Scattered over the Valley we see dozens of old barns that were built by forefathers of some of our prominent families—the Dresslers, Dangbergs, Johnsons, Rabes, Lampes, Henningsens, Settlmeyers, Neddenrieps, Campbells, Adams, Springmeyers, Stodiecks, Gansbergs, and many others. A custom, brought from their mother countries by our pioneers, was carried out to a great extent by them in Carson Valley. As far as it was possible, livestock were sheltered under a roof, especially during the stormy, winter months. Consequently, it seemed as necessary to have good barns as it did to have comfortable homes.

Using a Jackson fork, horses were used in forking hay into most barns. After the fork has passed through a large opening in the gable of the barn, it was hooked to a wheel carrier and then guided to the section of the loft where the stacker wished to dump it.

The old barns and blacksmith shops nearby were the “service stations” for horses and wagons in the past.
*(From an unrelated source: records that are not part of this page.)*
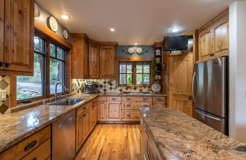 Experience the Truckee Donner area in this beautiful craftsman style mountain home. The house backs up to a meadow within the National Forest providing the feeling of peace and solitude while still being within reach of the many amenities Tahoe Donner has to offer. Tahoe Donner’s adventure center, beach on Donner Lake and Trout Creek Recreation Center (with heated lap pool open year-round) are all within an easy drive. Mountain bike and hike trails directly behind the house. Relax in the hot tub beneath the stars on the back deck. This stunning home makes for the ideal escape for an adventurous vacation in Truckee!
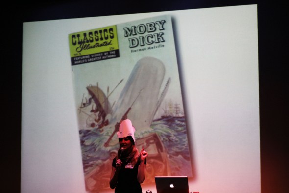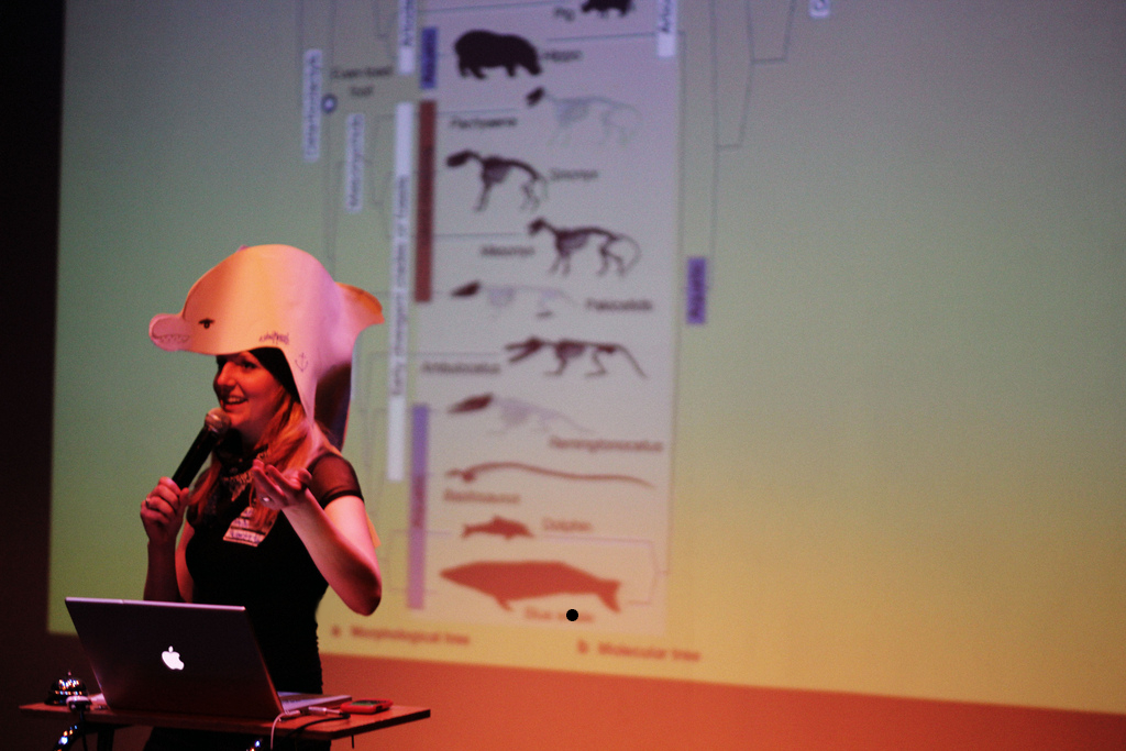 I quiz the audience on their knowledge of dolphin behavior, aided by “Blue Dolphin,” ninja warrior/top scholar.
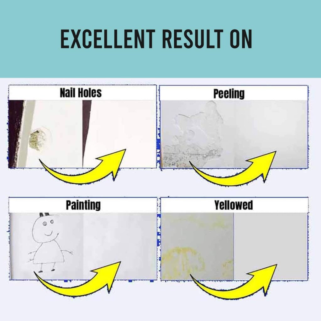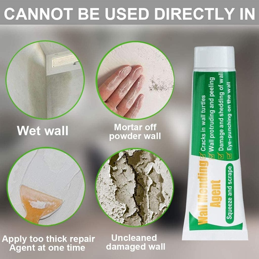 - Wall mending agent is perfect for repairing cracks, nail holes, holes, peeling walls, graffiti and stains on walls. Perfect for small repair projects. Wall hole filler cannot use for wet wall, mortar off powder wall, uncleaned damaged wall, etc.
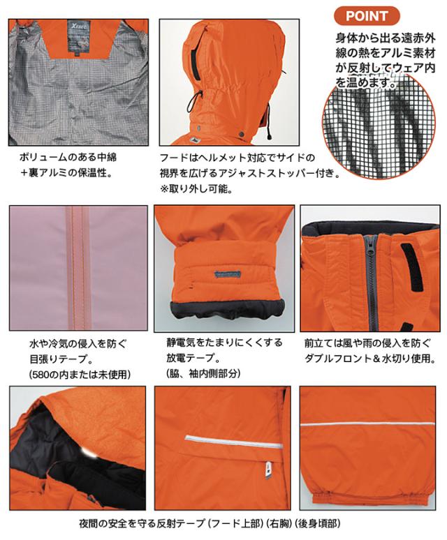 ジーベック 防水防寒ブルゾン 582 保温性 中綿 首内側フリース ジャンバー ジャケット メンズ 作業服 作業着 防寒着 防寒服 XEBEC
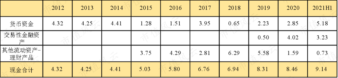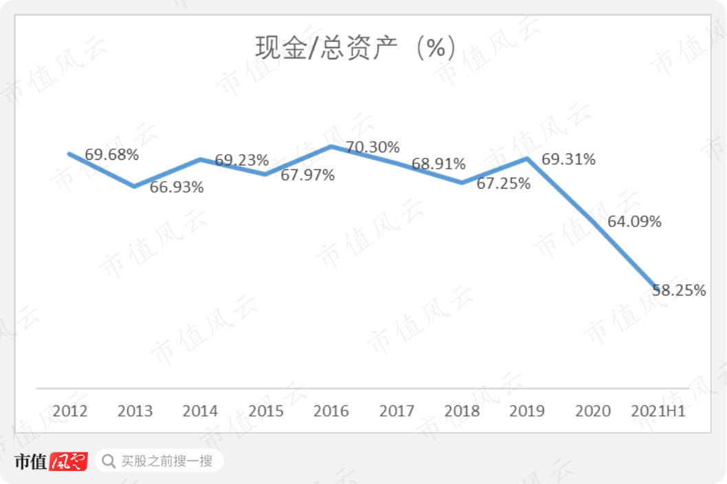 截至2021年6月底,公司账面现金占总资产的58.25%,虽然占比有所下降,但仍有一半是白花花的银子。
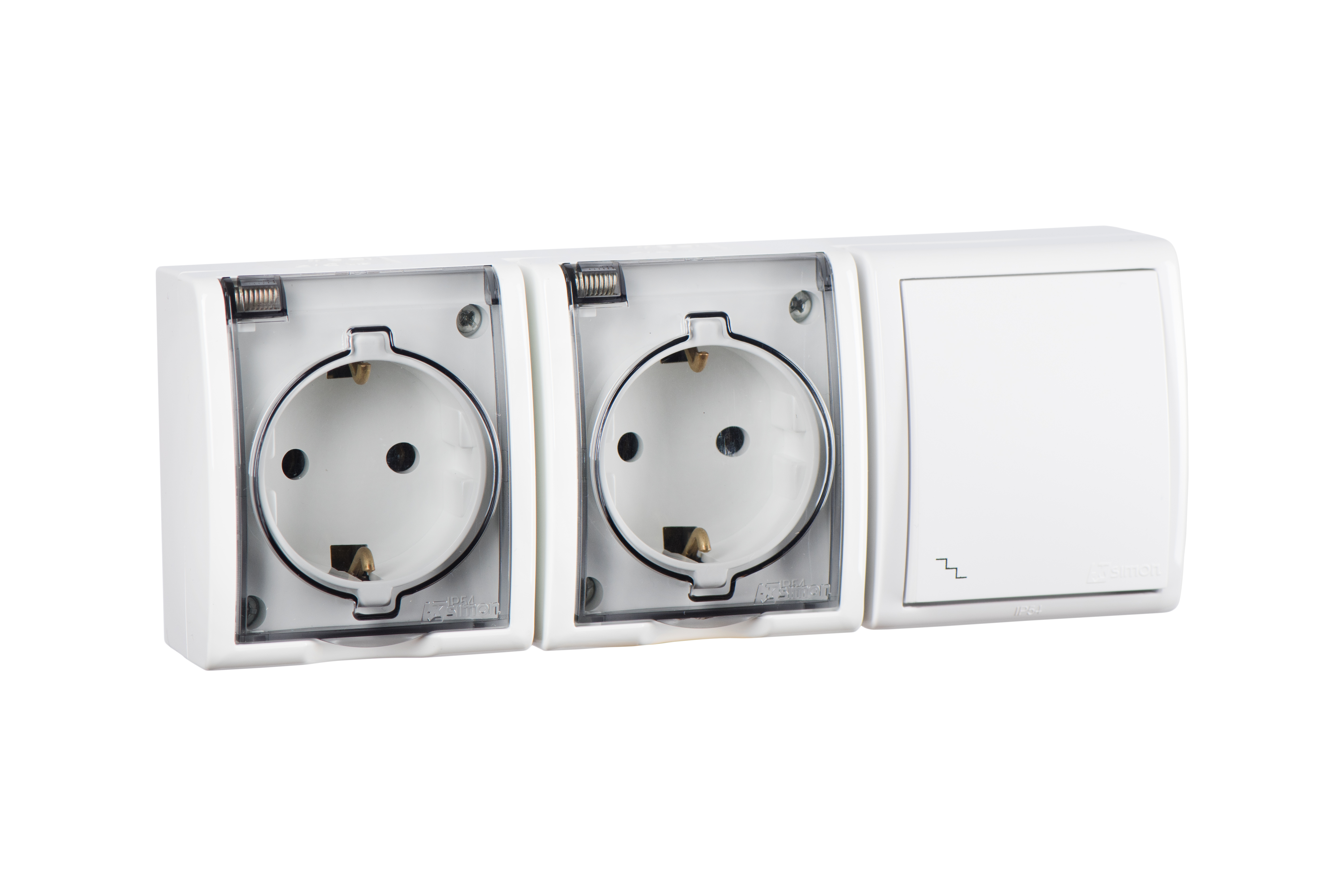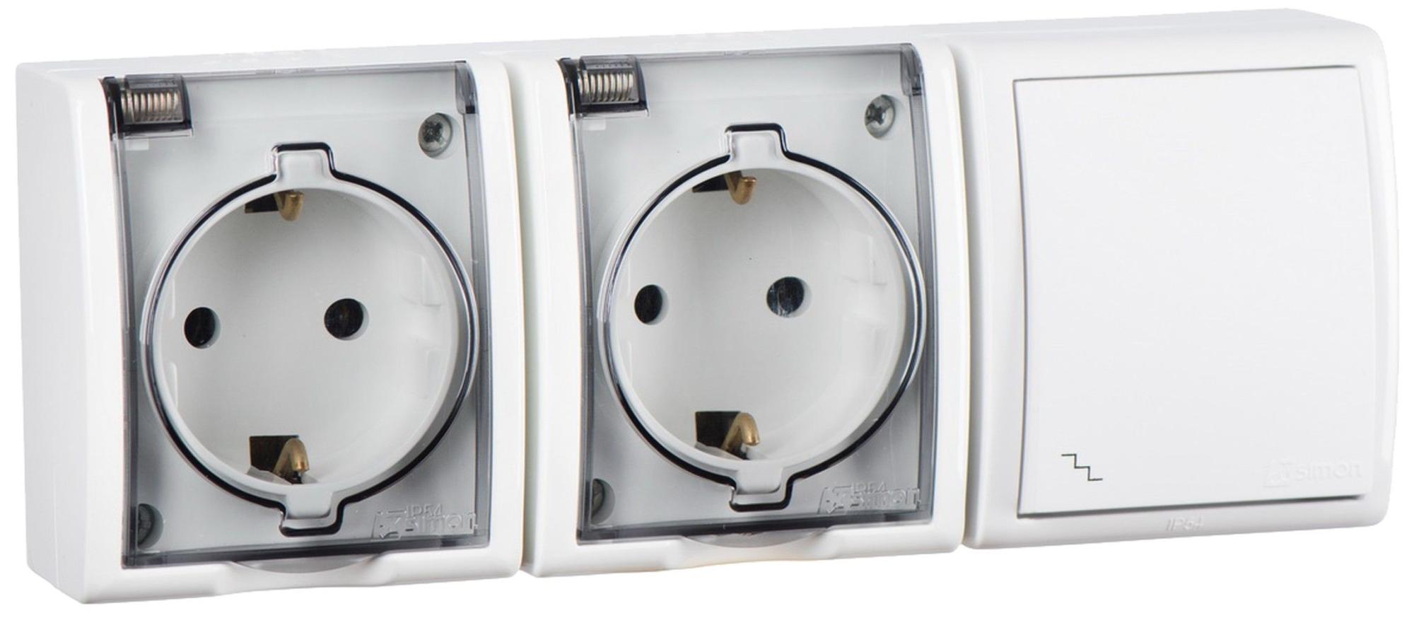 Simon 15 Aqua Белый Блок: Розетка 2-ая, 2P+E Schuko 16А 250В + выключатель проходной 10А 250В, IP54 от производителя Simon. Артикул производителя 1594526-030.

Each team had its separate stall with a manger for oats and hay and pegs on which harnesses for that particular team were hung.

Many of the joys of childhood were centered around the big barns on the Valley farms. How pleasant it was to enter the doors and hear the contented munching of cows and horses as they enjoyed the freshly cured hay that filled the barn with its delightful aroma! What a thrill it was to climb the ladder to the hay loft and perhaps surprise a cackling hen from her hidden nest or to discover a litter of tiny kittens, warm and cozy in the soft hay.

A barn was a wonderful place for hide-and-seek. And what, in spite of mosquitos, could be more perfect than “sleeping out” a night in the loft on an old blanket or two and listening to the twittering of the swallows safe and secure in their mud houses in the rafters above?

Today these beautiful old barns stand majestically as memorials to our hard-working ancestors and their contribution to the future of Carson Valley.